With the primary election only a few weeks away, people are more likely to be speaking up about their preferred issue or candidate. And that’s good – in a democracy, we all need to make our voices heard in order to create an effective and positive government. There are many other places, however, where we also need to speak our minds to make life better, even if it’s sometimes uncomfortable in the moment.

Just because there is no explicit conflict doesn’t mean all is well. Sometimes we need to make the issue visible by addressing it directly. We’re not creating the conflict, simply bringing it to light so we can deal with it. This usually means some difficult conversations. However, in some cases, intervention, political action, or even law enforcement involvement is necessary.

Lots of situations happen at work and home where the need for intervention is obvious, but unacknowledged. We don’t give voice to what we see or feel. We tell ourselves that if we ignore it, the conflict isn’t there or will go away on its own. A too-common example is hearing a neighbor yelling and swearing at their spouse night after night – we don’t want to get involved, so we say nothing, and the verbal abuse continues.

Rightly or wrongly, silence is construed as agreement with whatever is going on. When we remain silent, it reinforces the fear others feel about saying anything. Others who see the same problem feel isolated and question whether their concerns are real. We’re social animals. We look to others for cues about behavior. Silence begets silence, and conflict grows.

In the workplace, derogatory talk is a big issue. Individuals are ridiculed for the way they dress or talk, or simply because they are different. Being bullied tends to make the targets feel less power to stick up for themselves. It’s easiest for those of us on the sidelines, those not under attack, to help stop the bullying. But precisely because we are not directly involved, it requires more effort to choose to act.

Of course, speaking up is not a justification for an unfiltered spewing out of whatever we think. Not all thoughts should be spoken and not all desires should be acted upon. Nor is it an excuse to tell others how to live their lives. They are not going to welcome our unsolicited opinions on their choice of clothing, hair, parenting, career, etc. It’s also not helpful to make our comments into a personal attack on who they are. For example, “You need to stop yelling now.”, is much more effective than “You are a loud idiot!”. We need to interrupt injustice without mirroring the injustice.

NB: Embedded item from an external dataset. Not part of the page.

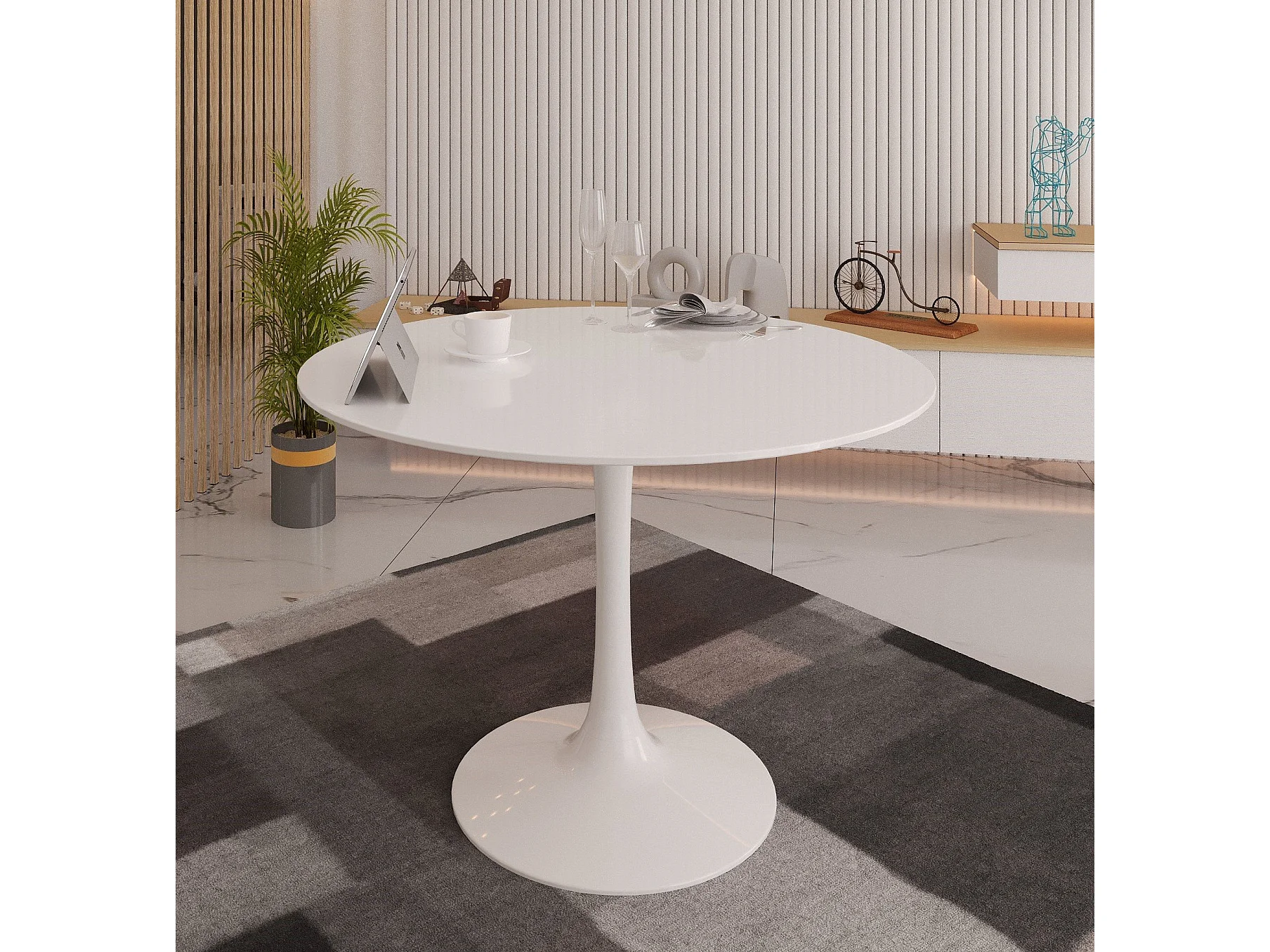 Table fixe Dpavard, Table de cuisine ronde, Table de salle à manger, Table avec plateau polyvalent, 100x100h75 cm, Blanc

Speaking up is about setting limits and defining acceptable behavior. We must be frank about behavior that is not acceptable at home or work, or even beyond – at the county, national, and international levels. Passivity by those of us for whom action is least risky escalates situations until we’re all at risk. Think how much suffering we can prevent if we can only find the courage to speak up. Bullies will be thwarted and fewer people will be harmed.